» **PROBLEM STATEMENT**: Only one span of the material below is wanted. Output it exactly, from the line with "Playa de Coedo." through the line with "Portrait of beautiful", without any pictures.
--- --- ---
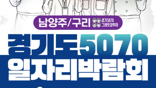 경기도와 경기도일자리재단이 11월 20일 남양주체육문화센터에서 ‘경기도 5070 일자리박람회 in 남양주+구리’를 개최한다. [사진자료]+경기도5070일자리박람회+포스터_남양주,구리‘경기도 5070 일자리박람회’는 도내 중장년 구직자의 재취업을 지원하는 ‘경기 5070 그레잇잡…
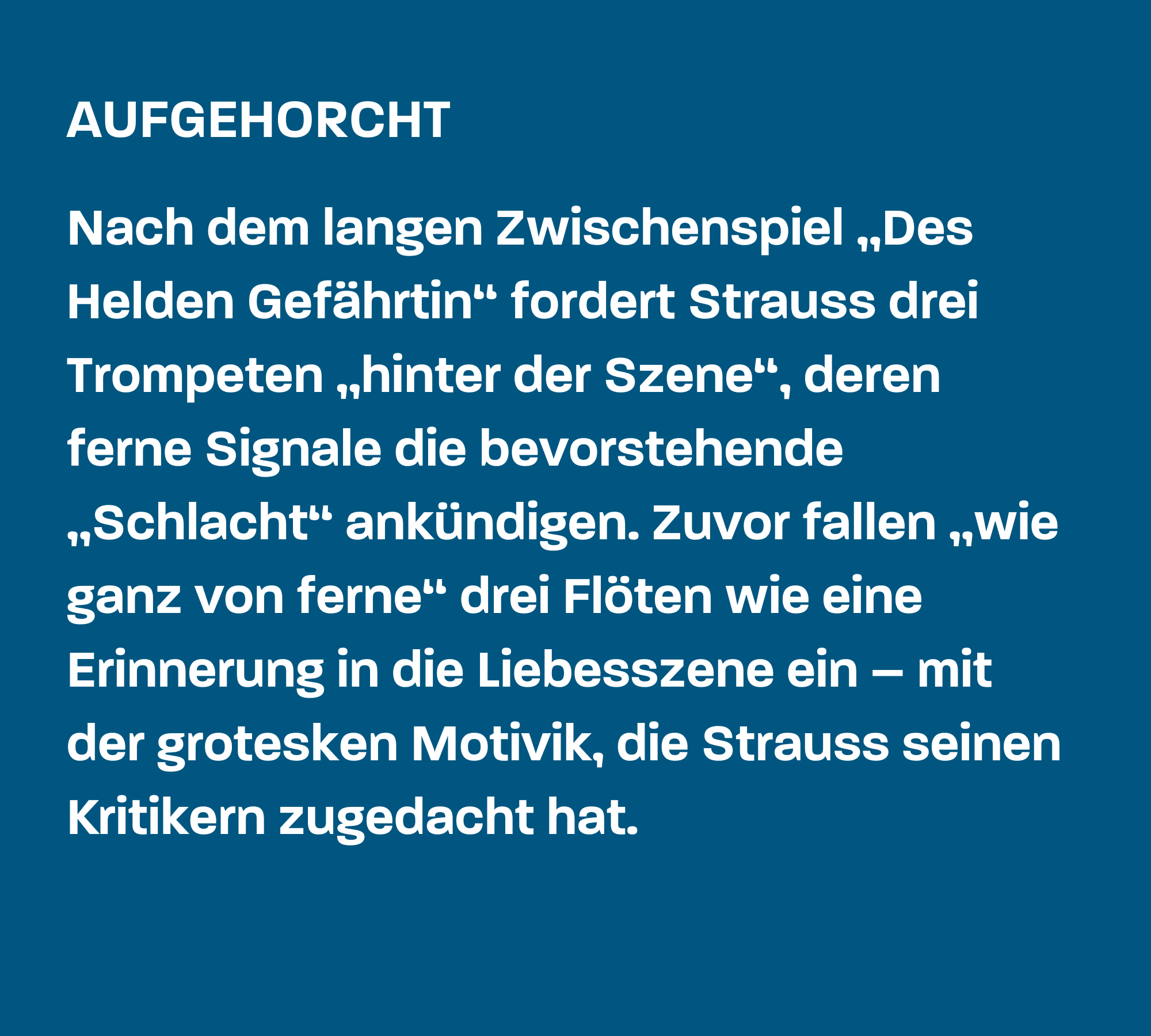 Was die harmonische Kühnheit und den instrumentalen Aufwand betrifft, etwa das Aufgebot an Schlagwerk, sprengt Strauss in diesem Schlachtgemälde jedes bis dahin gekannte Maß: „Er stellt die entferntesten Tonarten mit einer absoluten Kaltblütigkeit übereinander, die sich überhaupt nicht darum kümmert, dass sie ‚verletzend‘ wirken, sondern allein darum, dass sie Leben ausdrücken“ (Claude Debussy). Mit der Reprise – der Titel „Des Helden Friedenswerke“ ist natürlich ironisch gemeint – folgt der Clou des Ganzen, da hier unmissverständlich klar wird, wer sich hinter dem Helden verbirgt. Strauss zitiert nämlich nicht weniger als 30 seiner eigener Werke, und zwar in erster Linie solche, die bei „des Helden Widersachern“, der konservativen Konzertkritik, alles andere als friedvolle Reaktionen ausgelöst hatten: von „Don Juan“ über „Zarathustra“, „Tod und Verklärung“, „Till Eulenspiegel“ bis zu „Don Quixote“ und Strauss’ damals noch einziger Oper „Guntram“.
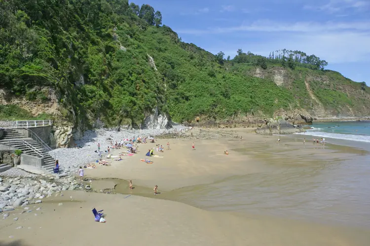 Playa de Coedo. Características. Ocupación: Baja. Longitud aproximada: 100 m Accesos: Rodados. Servicios: Aparcamiento: Sí. Socorrismo: No. Material: Arena gruesa. Color: Oscuro. Forma: Ensenada. Desembocadura fluvial: Arroyo. Entorno: ..
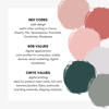 + Detailed Hex Codes, RGB, and CMYK values for each color
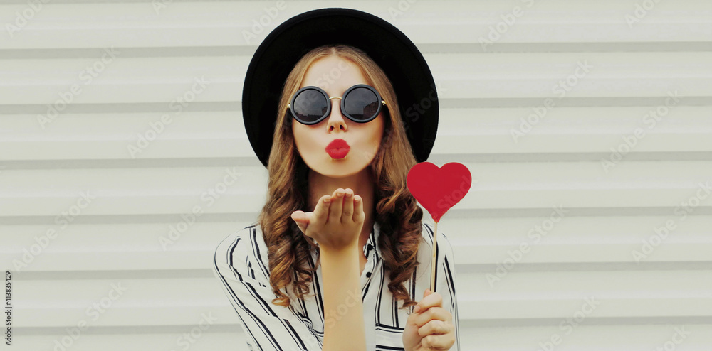 Portrait of beautiful young woman with red heart shaped lollipop blowing her red lips sending sweet air kiss on a white background
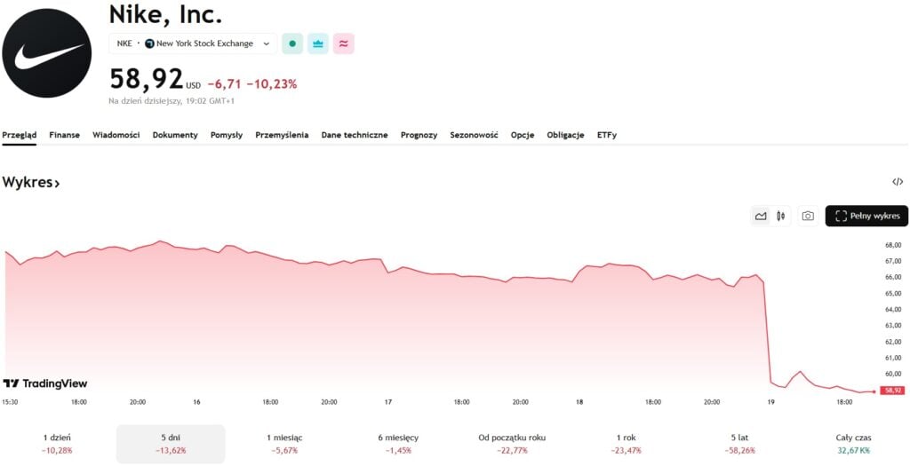 W piątek 19 grudnia akcje spółki były weceniane na 58 dolarów, choć jeszcze kilka godzin wcześniej były na poziomie prawie 67 dolarów. W ciągu zaledwie dobry gigant stracił na giełdzie około 10%. Ponadto w ujęciu tygodniowym strata wyniosła 13,62%. Natomiast w ujęciu miesięcznym gigant spadł o 5,72%. Bardzo mocno w dół w ostatnim czasie spadł również wskaźnik YTD (Year To Date). Od początku roku Nike traci na wartości ponad 20%.
--- --- ---
» **ANSWER TO THE PROBLEM**:
 Playa de Coedo. Características. Ocupación: Baja. Longitud aproximada: 100 m Accesos: Rodados. Servicios: Aparcamiento: Sí. Socorrismo: No. Material: Arena gruesa. Color: Oscuro. Forma: Ensenada. Desembocadura fluvial: Arroyo. Entorno: ..
 + Detailed Hex Codes, RGB, and CMYK values for each color
 Portrait of beautiful young woman with red heart shaped lollipop blowing her red lips sending sweet air kiss on a white background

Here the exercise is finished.